“The Resurrection of Joan Ashby” by Cherise Wolas: The metaphor of reversible death suggests that the protagonist has multiple personality
I have just started this 531-page novel, which is the story of how marriage and motherhood suspend the career of a promising fiction writer.
My first question is about the title metaphor, “resurrection.” When I think of resurrection, I think of Jesus Christ. But since I doubt that either the author or the character has a God complex, the resurrection metaphor must imply something else. Why do I think it implies multiple personality?
Because the narrator says that the protagonist’s writing career is the function of a particular Joan Ashby, who is not the same as the Joan Ashby who marries and has children.
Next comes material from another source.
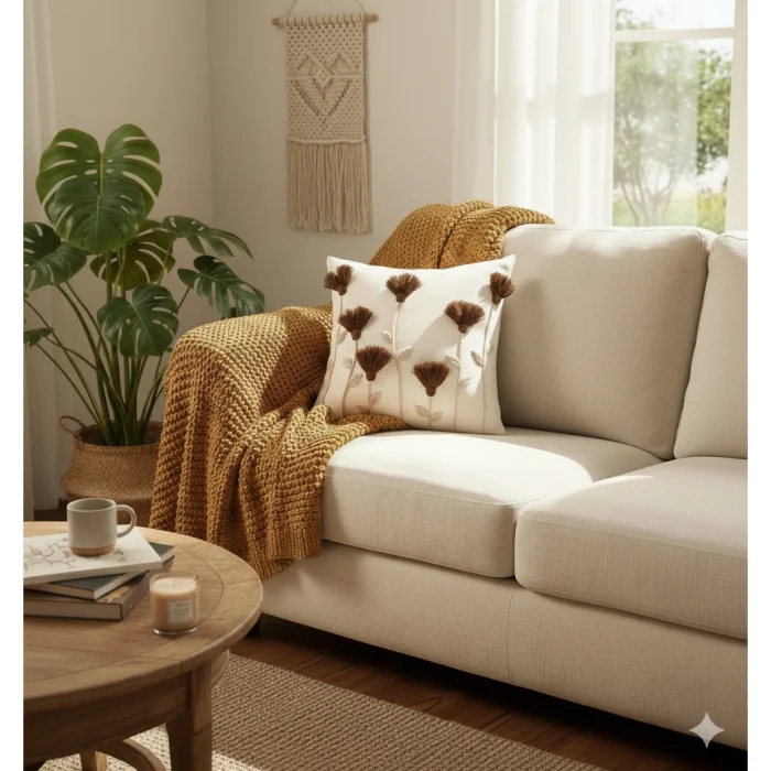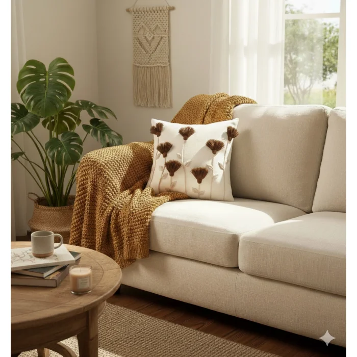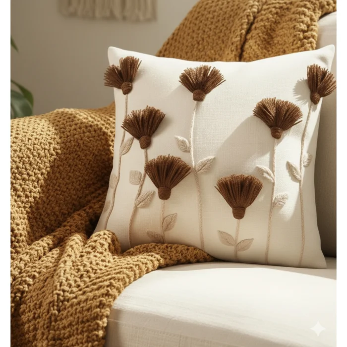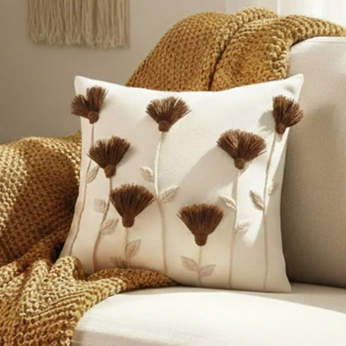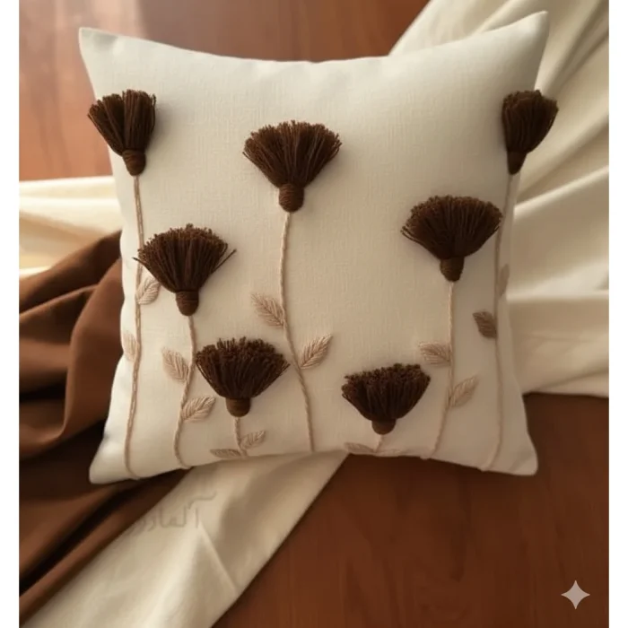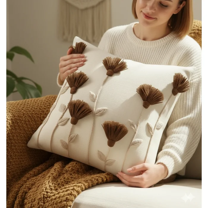 Bu el yapımı krem yastık kılıfı, püskül detayları ve rustik kahverengi çiçek punch iğne işlemeleri ile evinize sıcak ve şık bir dokunuş katıyor. Arka kısmındaki gizli fermuar sayesinde kılıfı kolayca çıkarıp temizleyebilirsiniz. Yaklaşık 45 cm boyutundadır ve oturma odası, yatak odası veya okuma köşeniz için idealdir. Kır evi, bohem veya rustik dekorasyon tarzları için uygundur ve yeni ev veya ev hediyesi olarak düşünceli bir seçimdir.

“It was the first Joan Ashby, the realest Joan Ashby, the one who was neither wife nor mother, that she was in immediate danger of losing” (1, p. 82).
The concept of reversible “death” is often seen in people with multiple personality. Alternate personalities who have been rendered unable to come out and perform their characteristic function are often thought of, and referred to, as “dead.” But they are not dead in the ordinary, permanent sense, because they are capable of being resurrected if the forces or circumstances preventing them from coming out are neutralized.
1. Cherise Wolas. The Resurrection of Joan Ashby. New York, Flatiron Books, 2017.